§ **Information provided**
======

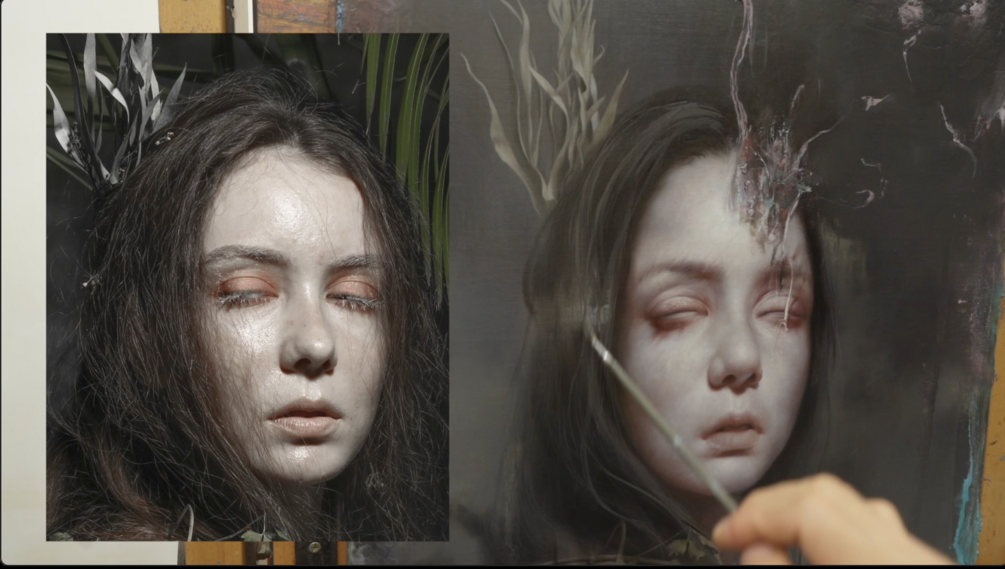 前後關係就來自於胸前的植物跟頭髮 而頭髮後面又有皮膚,這我們會在該課程中解釋如何策略性的佈局處理這樣複雜的關係。 繪畫擁有無限多的可能,分享我的創作路徑並非讓你成為我,而是透過傳遞我的技巧,技巧本身蘊含的思維邏輯,思維邏輯的根源形成完整的體系,我們透過課程分析出一條繪畫的道路,而透過這條道路,最終的目標是讓你成為你自己。
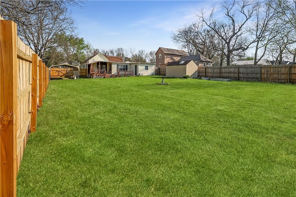Great for first-time buyers or those looking to downsize! This cute 2-bedroom home offers one-level living with an attached garage. The pearl of the home is the spacious backyard, complete with a 6-ft privacy fence—perfect for relaxing or entertaining. Rear parking, a storage shed, all on a large lot. All appliances stay, and the eat-in kitchen adds to the home’s charm. Newer heating and cooling systems provide added comfort and peace of mind. Ideally located near the Harrisonville Square, parks, and schools.
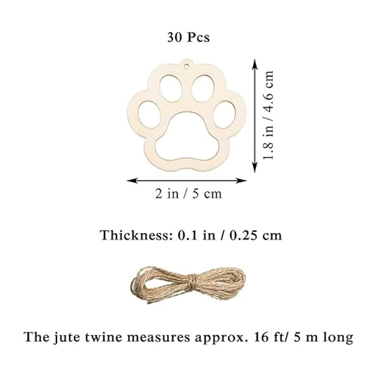 Paquete: paquete de 30 piezas de mini huellas de perro de madera para manualidades y 1 cuerda de yute la cuerda de yute mide aproximadamente 16.4 ft de largo. Cada pieza de madera está bien pulida, las rodajas de madera en blanco están listas para pintar y escribir, puedes teñir, perforar, curvar y decorar como quieras.

======

A word-for-word copy is needed, starting at the first line of the listing and ending with the line bearing "Great for first-time". No pictures.

§ **Response**
 前後關係就來自於胸前的植物跟頭髮 而頭髮後面又有皮膚,這我們會在該課程中解釋如何策略性的佈局處理這樣複雜的關係。 繪畫擁有無限多的可能,分享我的創作路徑並非讓你成為我,而是透過傳遞我的技巧,技巧本身蘊含的思維邏輯,思維邏輯的根源形成完整的體系,我們透過課程分析出一條繪畫的道路,而透過這條道路,最終的目標是讓你成為你自己。
Great for first-time buyers or those looking to downsize! This cute 2-bedroom home offers one-level living with an attached garage. The pearl of the home is the spacious backyard, complete with a 6-ft privacy fence—perfect for relaxing or entertaining. Rear parking, a storage shed, all on a large lot. All appliances stay, and the eat-in kitchen adds to the home’s charm. Newer heating and cooling systems provide added comfort and peace of mind. Ideally located near the Harrisonville Square, parks, and schools.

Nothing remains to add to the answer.